Prediction:  We predict that the mildly diseased mice treated with fixed human neurons will show the biggest improvement in symptoms.  Severely diseased mice will also show improvements, albeit not to such a large extent as the mildly diseased.  The mice models implanted with unfixed human neurons will not show any improvement.

3.  Treating diseased Huntington mice models with healthy IPS cells from humans

1)     Rationale: Aims one and two rely on homologous recombination and directed differentiation to create neurons capable of treating HD mouse models.  To evaluate whether our method works with non-diseased cells, we will inject an HD mouse model with neurons transformed from humans without HD.  Comparing both procedures will give an indication of how reliable homologous recombination is for correcting IPS cells and treating HD. 

2)     Design and Method: Two sets of three groups of immunosuppressant mice will be used to model a non-diseased HD patient, a low CAG repeat patient and a high CAG repeat patient. Mice will be treated with differentiated human GABAergic neurons derived from healthy human fibroblasts. The remainder of the design will correspond to that of aim 1.
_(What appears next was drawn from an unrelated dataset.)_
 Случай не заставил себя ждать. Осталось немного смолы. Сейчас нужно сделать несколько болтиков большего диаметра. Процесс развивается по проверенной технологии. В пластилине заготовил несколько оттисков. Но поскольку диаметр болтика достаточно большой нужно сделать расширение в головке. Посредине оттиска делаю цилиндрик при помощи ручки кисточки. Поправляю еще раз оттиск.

a)     Creating IPS cells: Activation of c-Myc, KLF4, OCT-4 and Sox2 transcription factors in adult human fibroblasts with retrovirus or plasmid carriers will follow the protocol previously described (15, 20).  IPS cell pluripotency will be verified as stated in aim 1. 
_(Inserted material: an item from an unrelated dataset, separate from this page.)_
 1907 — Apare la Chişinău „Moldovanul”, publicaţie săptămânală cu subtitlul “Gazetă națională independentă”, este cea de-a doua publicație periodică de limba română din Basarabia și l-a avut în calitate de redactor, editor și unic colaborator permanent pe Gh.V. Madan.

b)    Motor Neuron differentiation: Corrected and uncorrected IPS will be differentiated into GABAergic neurons and inserted into the mouse brains as explained in aim 1.

c)     Behavioral tests: Two behavioral tests called the RotaRod and the footprint test will be used to assess progression of Huntington’s disease in the mice.  The tests will be performed as explained in aim 1.

d)    Neuropathology of disease: After performance in the behavioral tests, mice will be sacrificed.  Brains will be removed and cut into coronal sections.  Immunofluorescent labeling for GFP and electrophysiological recordings will be performed as explained in aim 1 to verify successful integration and function of engrafted cells.  To assess recovery from disease density of GABAergic and DARPP-32-ir neurons will be quantified. Size of striatum and levels of NIIs and cell death will be determined as explained in aim 1.

Prediction:  The mildly diseased mice models will show the largest improvement in HD related symptoms upon transplantation of differentiated GABAergic neurons.  The severely diseased HD models will also show improvement but to a lesser extent.